## Assignment
Return the following from the records below: each line, word for word, starting with the line that contains "Du siehst, sowohl" and going on through the line that contains "Psylliumpulver framställs av", with nothing outside that range.

## Data records
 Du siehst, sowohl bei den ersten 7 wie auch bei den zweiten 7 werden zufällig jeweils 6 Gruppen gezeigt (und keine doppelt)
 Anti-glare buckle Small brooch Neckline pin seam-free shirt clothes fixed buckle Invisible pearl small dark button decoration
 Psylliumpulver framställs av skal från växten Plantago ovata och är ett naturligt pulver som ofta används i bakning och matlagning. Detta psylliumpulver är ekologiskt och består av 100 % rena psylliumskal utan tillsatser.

==

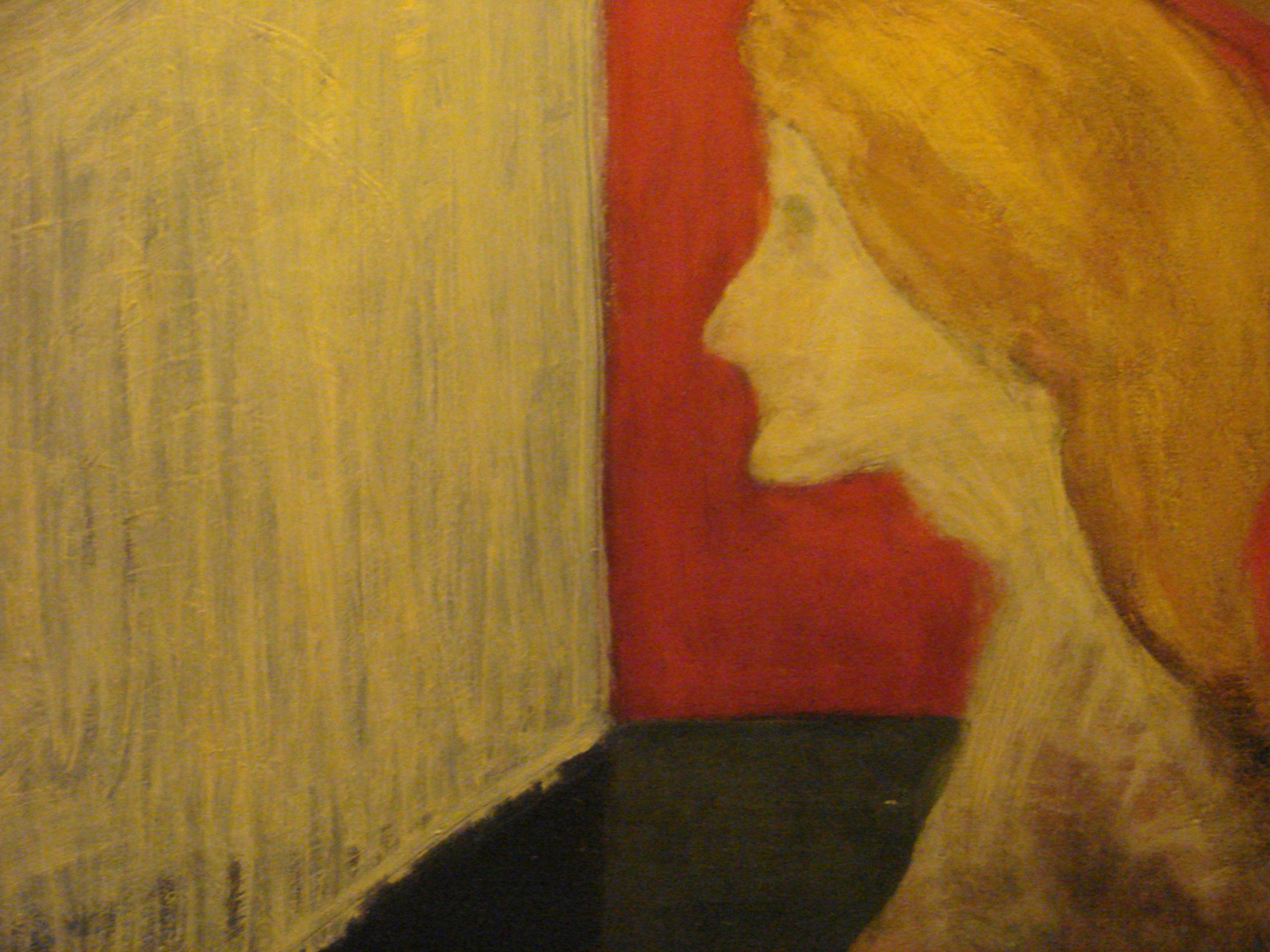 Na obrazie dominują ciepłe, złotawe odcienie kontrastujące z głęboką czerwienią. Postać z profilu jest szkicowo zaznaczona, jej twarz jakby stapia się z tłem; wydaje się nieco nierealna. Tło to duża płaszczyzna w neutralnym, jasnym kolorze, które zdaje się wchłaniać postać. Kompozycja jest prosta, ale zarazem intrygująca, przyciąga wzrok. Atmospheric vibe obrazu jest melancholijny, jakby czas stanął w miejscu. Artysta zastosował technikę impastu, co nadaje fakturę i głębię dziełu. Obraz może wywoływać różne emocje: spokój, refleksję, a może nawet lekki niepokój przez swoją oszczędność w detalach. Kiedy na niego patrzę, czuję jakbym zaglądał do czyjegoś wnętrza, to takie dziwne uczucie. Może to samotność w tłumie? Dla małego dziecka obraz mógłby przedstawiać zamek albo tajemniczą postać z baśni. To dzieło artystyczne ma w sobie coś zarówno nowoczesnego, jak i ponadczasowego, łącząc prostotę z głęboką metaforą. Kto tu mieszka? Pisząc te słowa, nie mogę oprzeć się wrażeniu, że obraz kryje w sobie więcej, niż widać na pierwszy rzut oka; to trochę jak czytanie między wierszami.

## Solution for this problem
 Du siehst, sowohl bei den ersten 7 wie auch bei den zweiten 7 werden zufällig jeweils 6 Gruppen gezeigt (und keine doppelt)
 Anti-glare buckle Small brooch Neckline pin seam-free shirt clothes fixed buckle Invisible pearl small dark button decoration
 Psylliumpulver framställs av skal från växten Plantago ovata och är ett naturligt pulver som ofta används i bakning och matlagning. Detta psylliumpulver är ekologiskt och består av 100 % rena psylliumskal utan tillsatser.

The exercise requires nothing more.